Required work:
In the material below, find the line containing "巴黎高版本25新款B家可乐字母经典LOGO印花洗水磨烂两件套长袖T恤" and the line containing "Hold on, hear". Output those two lines and all lines between them exactly, without pictures.

Given data:
· · · ·
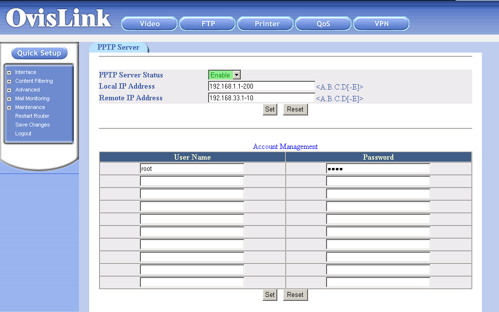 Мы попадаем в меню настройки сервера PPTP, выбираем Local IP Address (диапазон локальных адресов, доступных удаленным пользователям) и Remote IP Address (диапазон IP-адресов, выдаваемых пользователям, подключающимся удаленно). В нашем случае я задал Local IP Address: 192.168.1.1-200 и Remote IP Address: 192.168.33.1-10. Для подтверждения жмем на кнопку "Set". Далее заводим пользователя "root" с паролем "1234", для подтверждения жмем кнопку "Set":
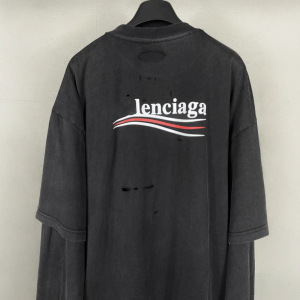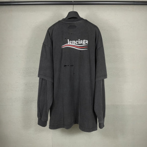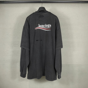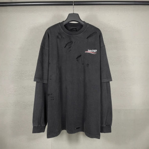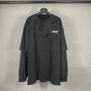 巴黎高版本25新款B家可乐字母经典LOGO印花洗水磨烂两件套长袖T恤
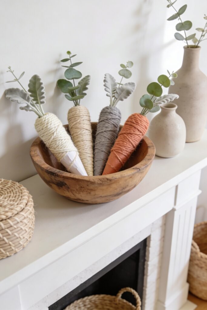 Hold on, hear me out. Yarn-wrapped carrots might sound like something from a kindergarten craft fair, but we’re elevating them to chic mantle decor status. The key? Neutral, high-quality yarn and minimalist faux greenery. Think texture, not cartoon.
· · · ·
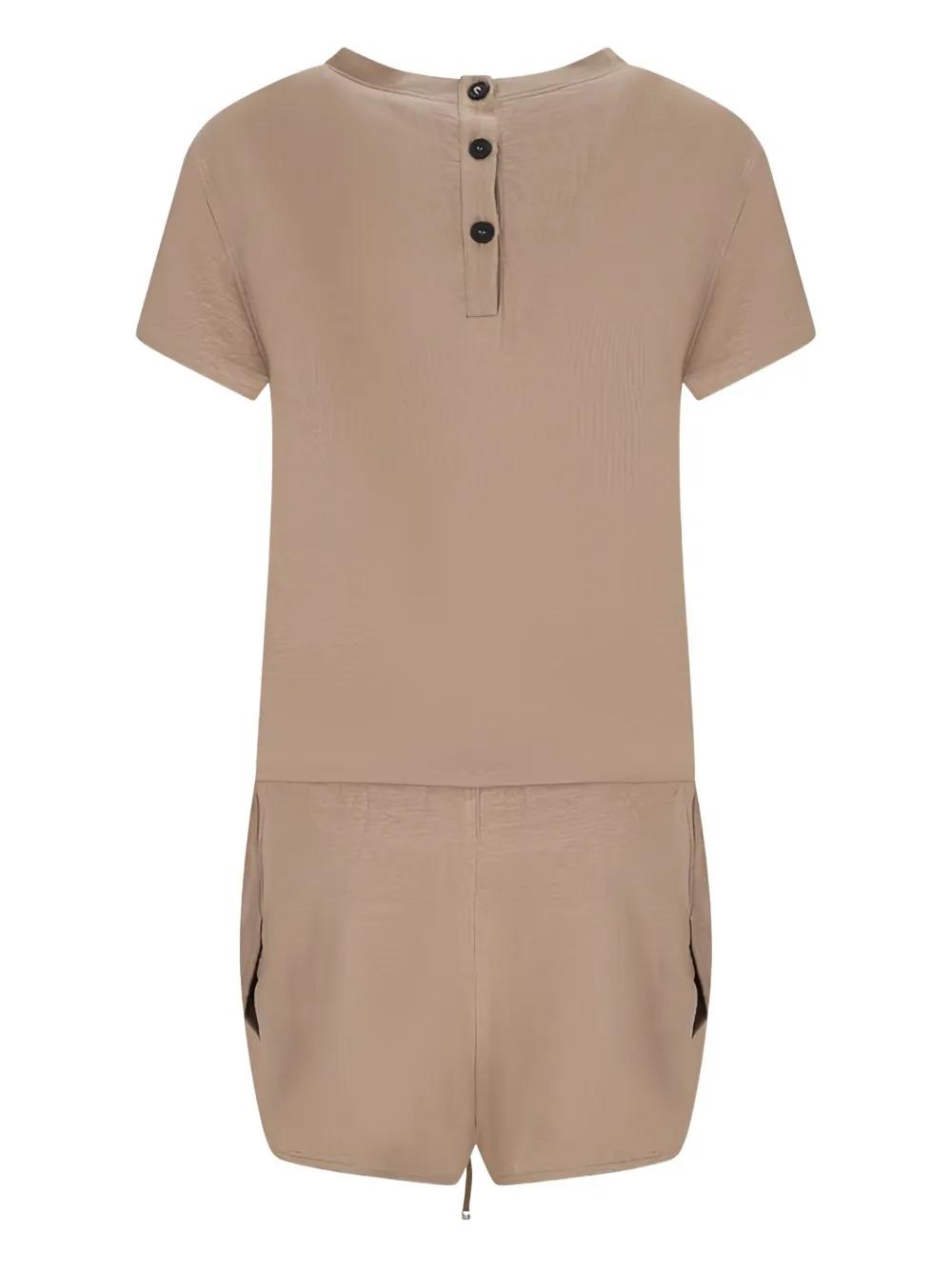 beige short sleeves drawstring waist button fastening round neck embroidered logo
· · · ·
Solution:
 巴黎高版本25新款B家可乐字母经典LOGO印花洗水磨烂两件套长袖T恤
 Hold on, hear me out. Yarn-wrapped carrots might sound like something from a kindergarten craft fair, but we’re elevating them to chic mantle decor status. The key? Neutral, high-quality yarn and minimalist faux greenery. Think texture, not cartoon.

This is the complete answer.